Emil Sitko may have been Notre Dame's best player during the Irish's glory years in the late 1940s.
Fort Wayne's Emil "Red" Sitko might be the finest offensive player who played during Notre Dame football's finest era.
The Central High School graduate rushed for 2,226 yards and 26 touchdowns from 1946 to 1949 as the Fighting Irish went 8-0-1, 9-0, 9-0-1 and 10-0 to win three national championships. Sitko was a first-team All-American in 1948 and 1949, and he won the Walter Camp Award as the nation's top player in 1949 when he rushed for 712 yards and nine touchdowns on 120 carries. He finished eighth in that season's Heisman Trophy voting behind teammate Leon Hart.
Sitko, who led Notre Dame in rushing all four years, measured only 5-foot-8 and 175 pounds but averaged 6.1 yards per carry.
"Emil wasn't very big as football players go -- even for those days," Irish coach Frank Leahy once said. "But he was the fastest starting back I ever coached."
During Sitko's last game at Notre Dame, against Southern Methodist, the Irish were tied 20-20 late in the fourth quarter. SMU kicked off as Sitko walked up to freshman quarterback Bob Williams. "OK, for a kid you're a good quarterback, but you give me the ball every play until I tell you different."

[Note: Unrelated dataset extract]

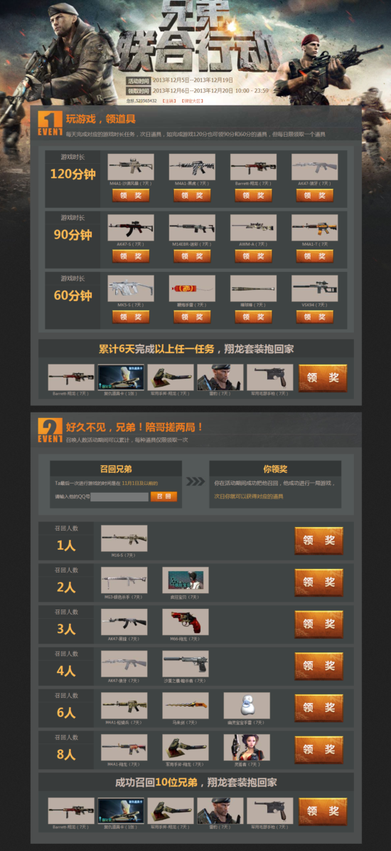 CF兄弟联合活动:召兄弟 常在线 领道具
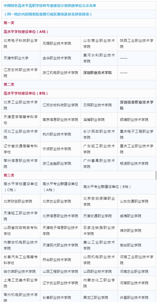 今天上午,教育部和財政部正式發(fā)布《關于中國特色高水平高職學校和專業(yè)建設計劃擬建單位的公示》,經(jīng)高職學校自愿申報,省級教育部門、財政部門審核推薦,中國特色高水平高職學校和專業(yè)建設計劃項目建設咨詢專家委員會評審,教育部、財政部審定,擬立項中國特色高水平高職學校和專業(yè)建設計劃建設單位197個(簡稱“雙高計劃”),現(xiàn)予公示。公示期7天(2019年10月25日—10月31日)。

Sitko carried the ball every play until Notre Dame reached the SMU 3-yard line, and then said, "It's OK now, kid, give it to someone else." Williams did and Notre Dame scored and won 27-20.
After Notre Dame, Sitko played three seasons in the NFL with San Francisco and the Chicago Cardinals. He died in Fort Wayne in 1973, and he was inducted into the National Football Foundation Hall of Fame in 1984.